In the second scene, after the breakup and sinking of the Titanic, Jack tells Rose to take a deep breath and trust him while leaping away from the sinking ship and swimming, hopefully, to safety. While all hell is breaking loose, Jack is thinking. While everyone is panicking, Jack is in a lower zone of existence, thinking five steps ahead to what the woman that he loves will need - to escape the undertow of the sinking boat, to reserve a big supply of oxygen, to find an ice floe upon which to await rescue, and to possess the resolve, in the form of a promise, to survive. Promise me, he demands of her, that you will never let go. Because you will survive. You will go on and have a bunch of babies and die an old woman in your warm bed.

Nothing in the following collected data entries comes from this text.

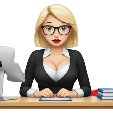 Blond lady.big boobs.glasses.short skirt.white shirt .cleavage .red lipstick .bending over desk emoji
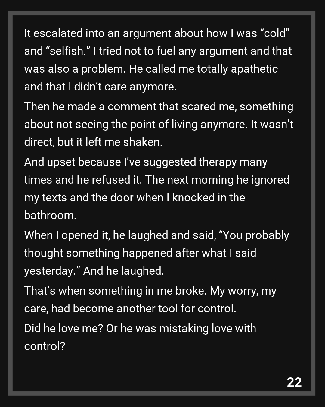 That’s when something in me broke. My worry, my care, had become another tool for control. Did he love me? Or he was mistaking love with control?
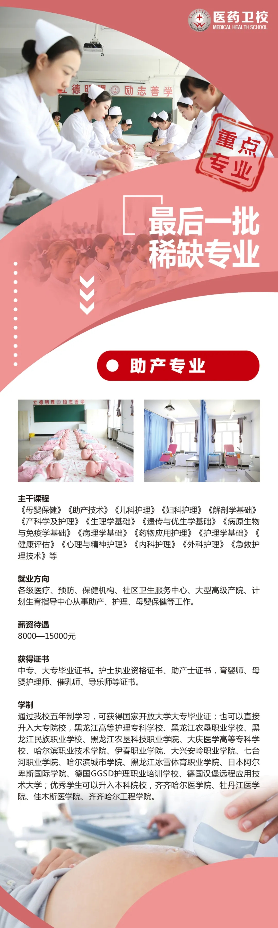 隨著國(guó)民經(jīng)濟(jì)的發(fā)展、人民生活水平的提高和二胎政策的開放,社會(huì)對(duì)婦女保健服務(wù)的人才需求也不斷提高,這標(biāo)志著社會(huì)對(duì)高素質(zhì)助產(chǎn)護(hù)士的需求大大增加。2020年,助產(chǎn)專業(yè)被教育局定為稀缺專業(yè),這意味著我校護(hù)理專業(yè)助產(chǎn)方向畢業(yè)生將供不應(yīng)求。
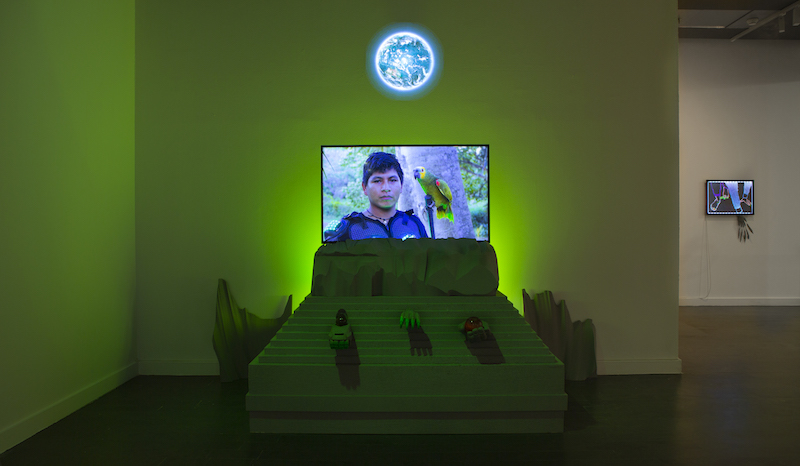PD: What I do through my work is a ritual. I see it as late-capitalism hacking—a stomach that digests elements from the system and rearranges them into a sci-fi aesthetic, but where, actually, everything comes from the present. I re-appropriate objects from the internet in a way that honors planetary memory. The digital turns what is alive into pixels, whereas I materialise what’s digital, in order to connect it with memory, as pixels of information coming into us from the sky. By chance I was in the Bolivian Chiquitanía doing a residency during the forest fires and I helped out at an animal rescue sanctuary, where an injured, half-blinded toucan kept appearing. I made a video of it as a container or depository of memory. The toucan appears in ‘Madre Drone’ (2019-20), where I give him the mythological quality of being an animal with the ability to acquire a new kind of vision. The toucan appears crying, which was inspired by the tears of the students blinded with teargas by the police at protests during the social uprising around that time.
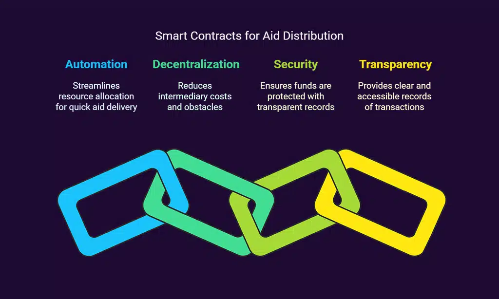 - Smart contracts speed up aid delivery, as seen with the United Nations World Food Programme, ensuring funds reach people fast.
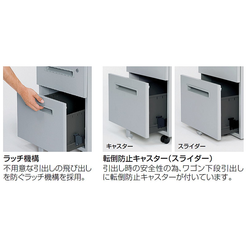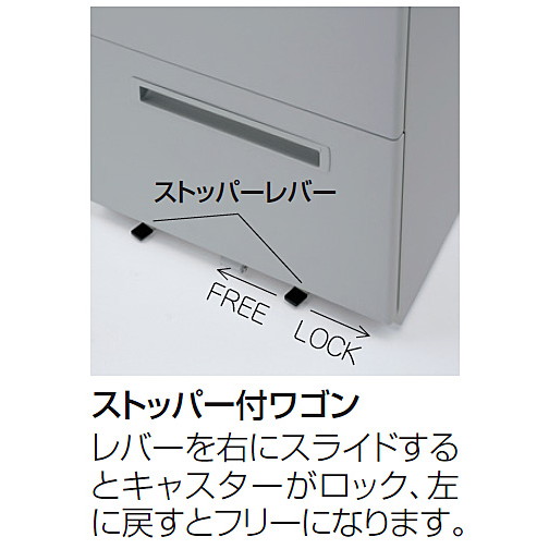 ●低床A4×2段のオフィス用ワゴンです。1つの鍵で片袖全部の引出しがロックできます。
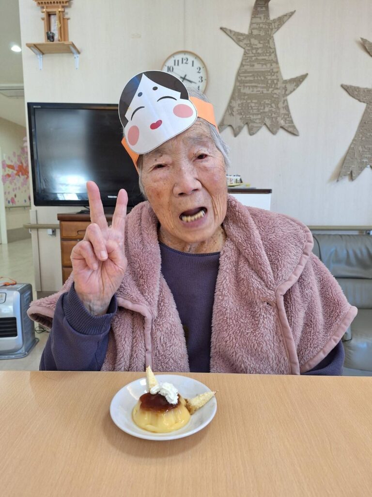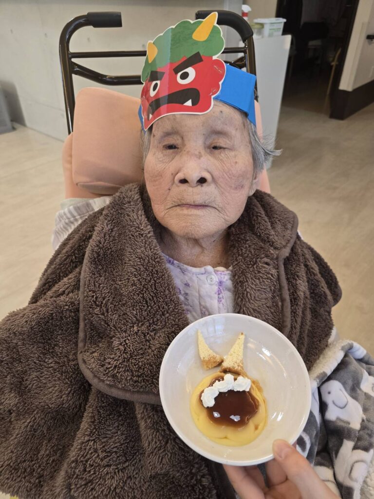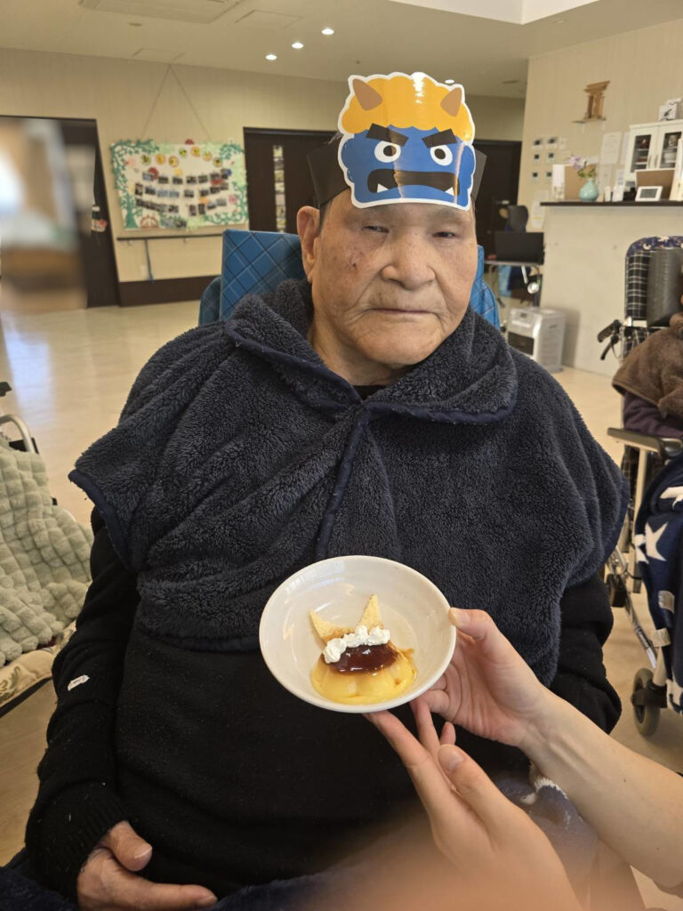 鬼風にデコレイトしたプリンを喰らい、退治しました。福は内!(2月3日)

You won't die like this.
You won't die like I will... tonight.
Now, think with me.
Is it even intellectually possible to perform a role reversal in these two scenes?
Is it even theoretically possible that the woman could be singing to Enrique Iglesias, "Let me be your hero while I sacrifice my life in the midst of these crazed gangsters. Let me fight and die to protect you."
OK, stop chuckling.
Could any sane person conceive of Rose protecting Jack as the Titanic breaks up and sinks? Could any sane person conceive of Rose thinking of the undertow, the oxygen, the ice floe, and the need for resolve? Could any sane person conceive of Rose floating in the water with Jack on the floe, and while sacrificing herself for him, telling him that he would not die this way, on this night?
These pieces of art do not "perpetrate a sexist stereotype." They present the only view of reality that rational people could ever possess.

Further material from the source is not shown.